Comme en métropole, la majorité des familles monoparentales ultramarines sont portées par des femmes (90% en outre-mer, 83% en métropole). "C'est une réalité prégnante" dans ces territoires, a souligné mardi la ministre des Outre-mer George Pau-Langevin lors d'un débat organisé à son ministère à Paris, dans le cadre de la Journée internationale des droits des femmes.

Ces familles, en faveur desquelles François Hollande a annoncé mardi plusieurs mesures, sont en moyenne deux fois plus nombreuses qu'en métropole. En 2011, selon l'Ined, les familles monoparentales avec enfant de moins de 25 ans représentaient 25% des familles de métropole, contre 54% en Martinique, 51% en Guadeloupe, 46% en Guyane et 38% à la Réunion, a expliqué Lucie Gonzalez, secrétaire général du Haut conseil de la famille. 
 

Moins de mariages qu'en métropole et davantage de naissances issues de couples non constitués

Christine Kelly et François Fillon lors d'une visite du Premier ministre en Guadeloupe en 2008
De même, selon l'Insee, 32% des Guadeloupéennes et des Martiniquaises de 25-54 ans étaient à la tête d'une famille monoparentale en 2011, et 27% des Guyanaises de la même tranche d'âge, contre 12% en métropole. A l'origine de cette situation, moins de mariages qu'en métropole et davantage de naissances issues de couples non constitués (un enfants sur deux est né hors mariage en métropole, plus des trois-quart en outre-mer), avec une part extrêmement importante d'enfants non reconnus par le père (10% en métropole, 84% en Guadeloupe, 80% en Martinique, 40% à la Réunion et 65% en Guyane) et de maternités précoces avant 20 ans (4% en métropole, 10% en Guadeloupe, 11% en Martinique, 27% en Guyane et 23% à la Réunion). Ces femmes, a souligné Christine Kelly, présidente de l'association K d'urgences, qui leur vient en aide, sont "encore plus en grande précarité", accentuée par un taux de chômage plus élevé (32% pour les femmes en Guadeloupe en 2011, 27% en Martinique, 34% en Guyane, contre 11,5% en métropole), et des difficultés plus importantes pour faire garder les enfants. 
 

Le premier pauvre en Outre-mer, c'est une femme et son enfant

Et 40% des pensions alimentaires fixés par les tribunaux ne sont pas payées, insiste-t-elle: "le premier pauvre en outre-mer, c'est une femme et son enfant", a-t-elle ajouté. Elle a aussi rappelé qu'une majorité (56%) des familles monoparentales ultramarines n'ont qu'un seul enfant, et donc pas accès aux allocations familiales si elles sont en métropole (23 euros par mois en outre-mer), "loin du cliché de la mère qui fait des enfants pour les allocations".
 

"Je suis dans une famille où ma mère vit seule, j'ai l'impression de suivre sa trace"

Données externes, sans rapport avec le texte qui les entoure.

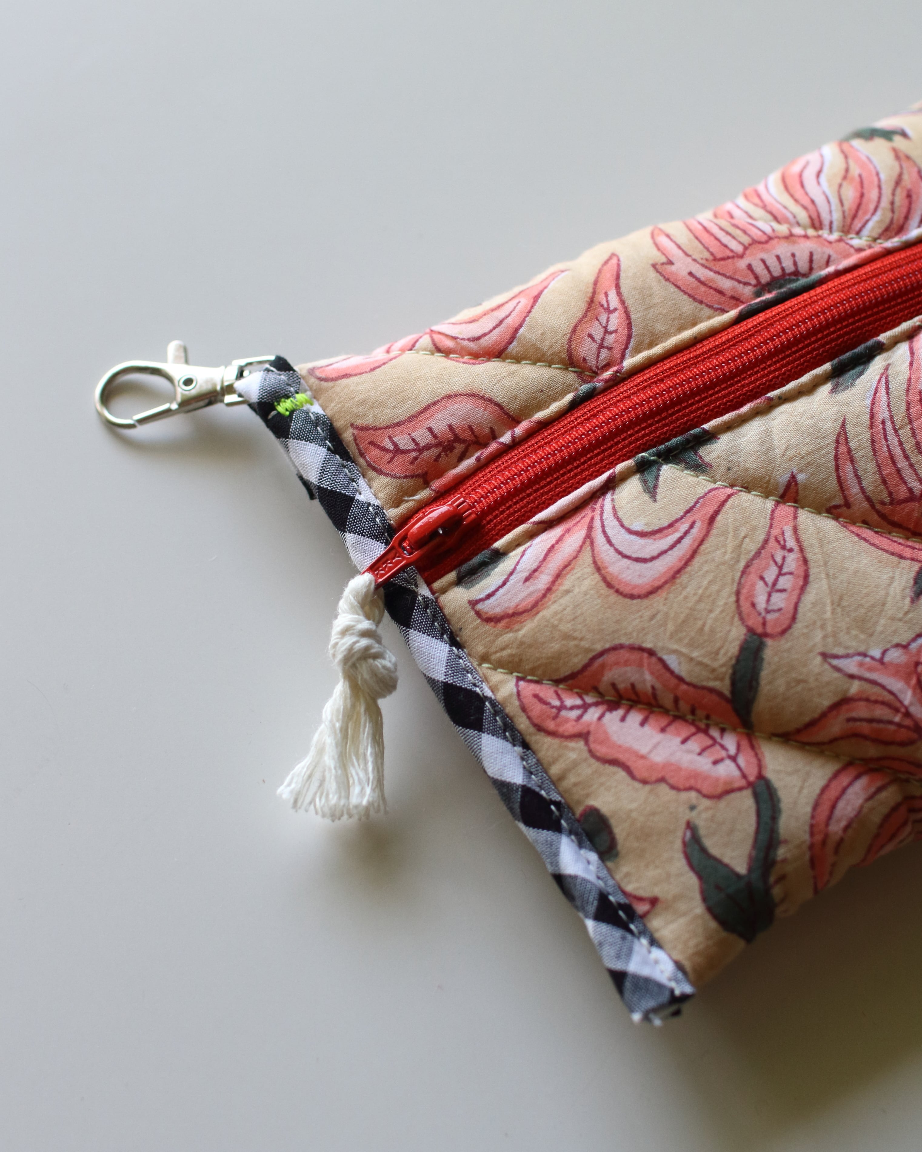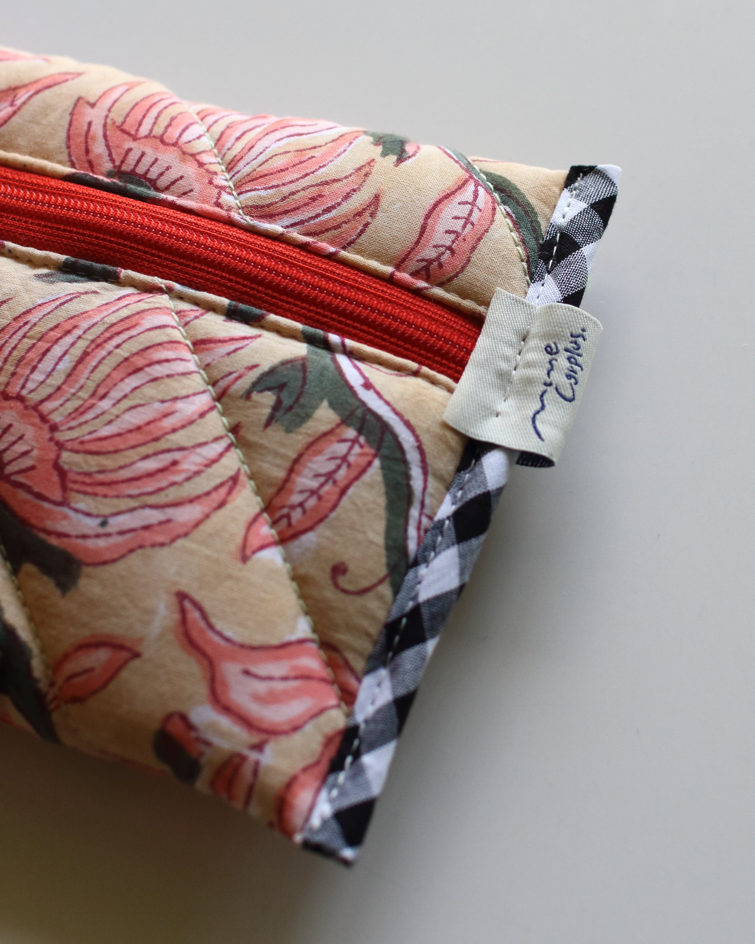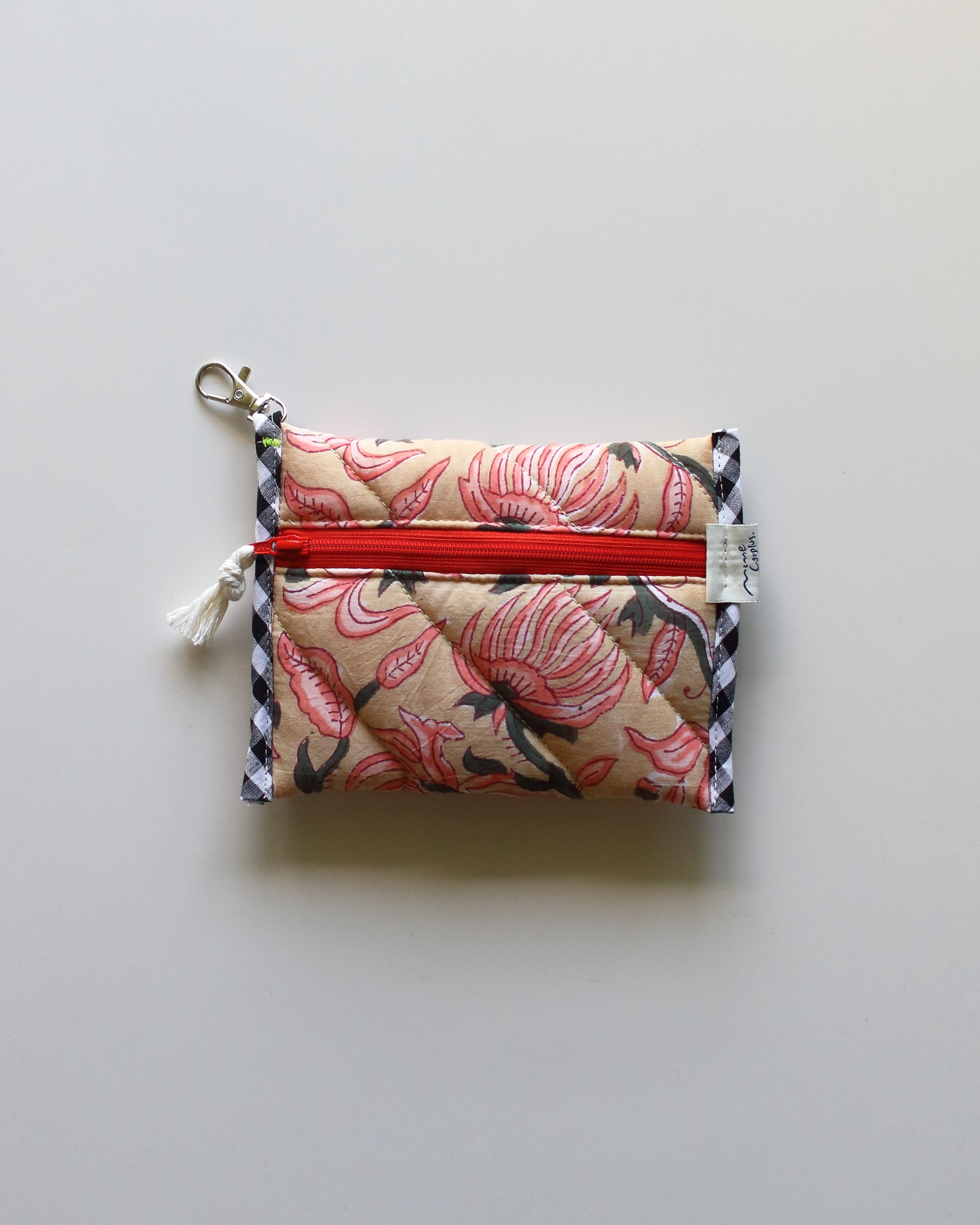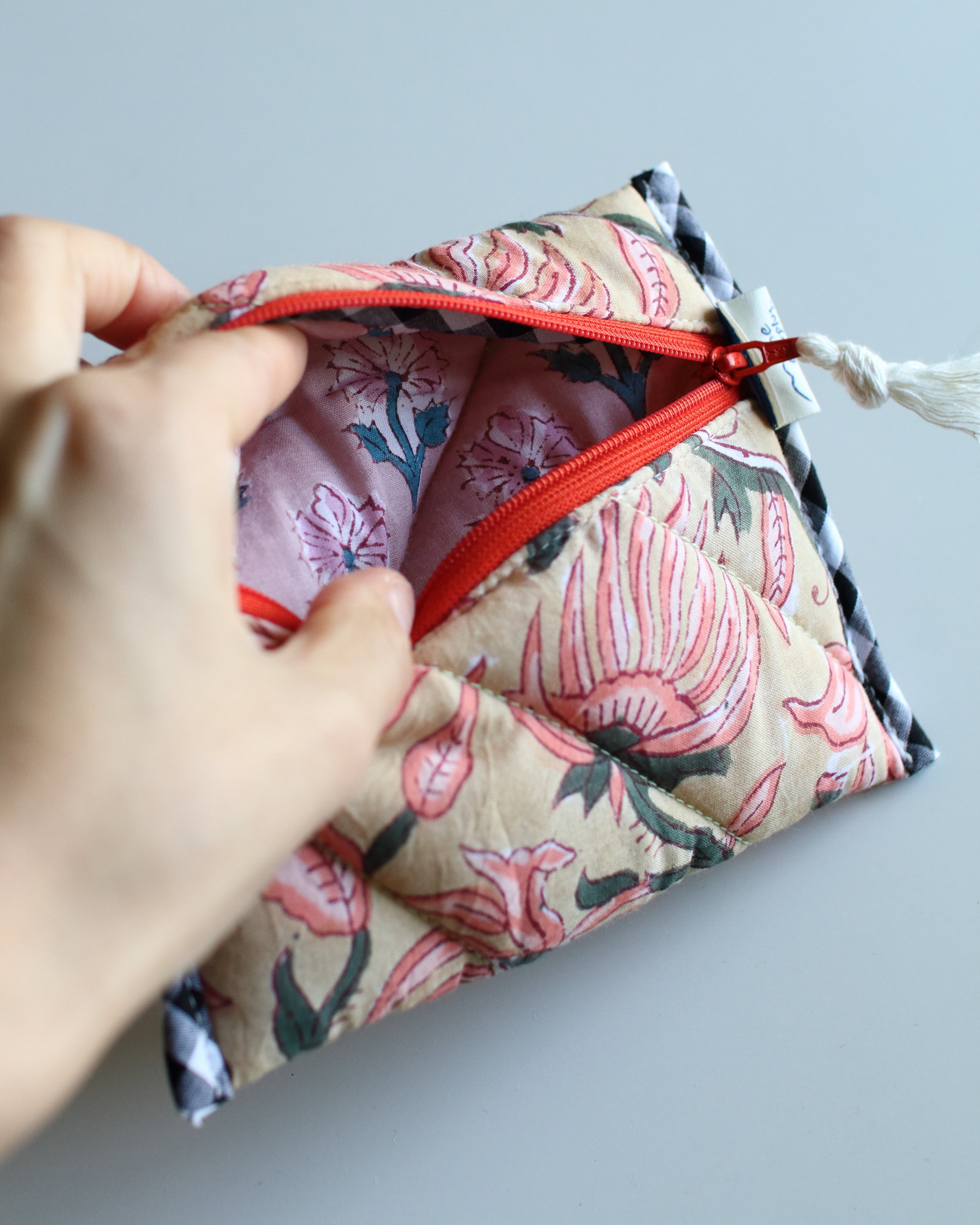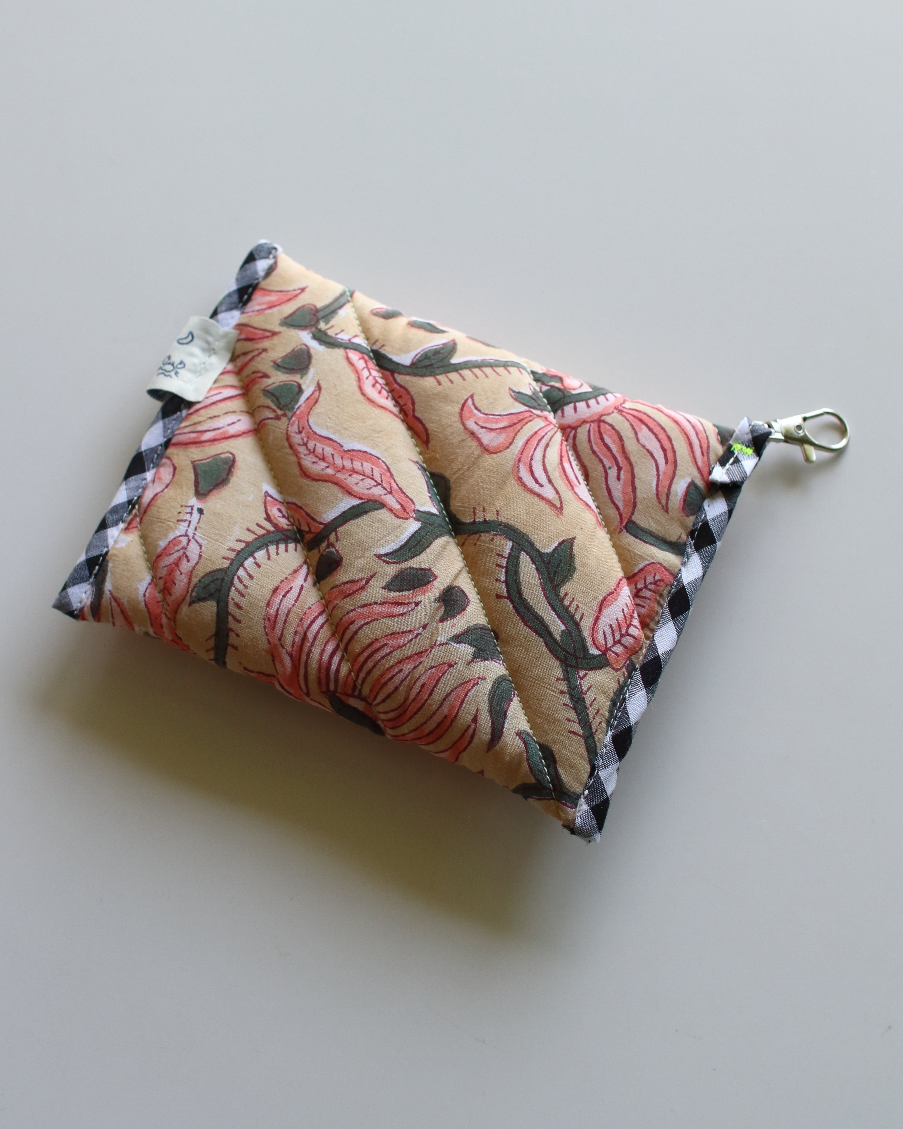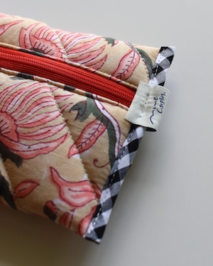 オリジナルで厚みのあるキルティングに仕立てたコンパクトポーチ。

Laura-Lise, 22 ans et maman de jumeaux de 2 ans, a dû arrêter sa formation, faute d'avoir trouvé un mode de garde. "C'est un frein, j'étais trop fatiguée", a-t-elle témoigné, pourtant aidée par une assistante familiale. "Je suis dans une famille où ma mère vit seule, j'ai l'impression de suivre sa trace", a-t-elle reconnu.Aux Antilles, la structure familiale "matrifocale", centrée autour de la mère "potomitan" (pilier central dans la culture vaudou) est historiquement liée à l'histoire de l'esclavage, où les "hommes ont été brisés" et n'ont pas pu prendre leur place de père, a rappelé Viviane Romana, psychiatre. Une situation reproduite même des générations plus tard: "Cette structure familiale se transmet,
dès qu'on devient mère, on intègre qu'on doit avoir la capacité d'assumer". Mais c'est aussi, selon elle, un problème de "couple instable" particulièrement fort dans les départements d'outre-mer, où "l'extra-conjugalité masculine est très importante et valorisée par la société". 

Au final, dit-elle, les femmes à la tête "s'en sortent bien, malgré les difficultés, pour élever leurs enfants". Mais contrairement aux femmes de métropole, qui refondent quelques années plus tard (en moyenne 7 ans) une famille recomposée avec un nouveau compagnon, en outre-mer les femmes ne se remettent pas en couple. "Le vrai problème, c'est la solitude de ces femmes", dit-elle.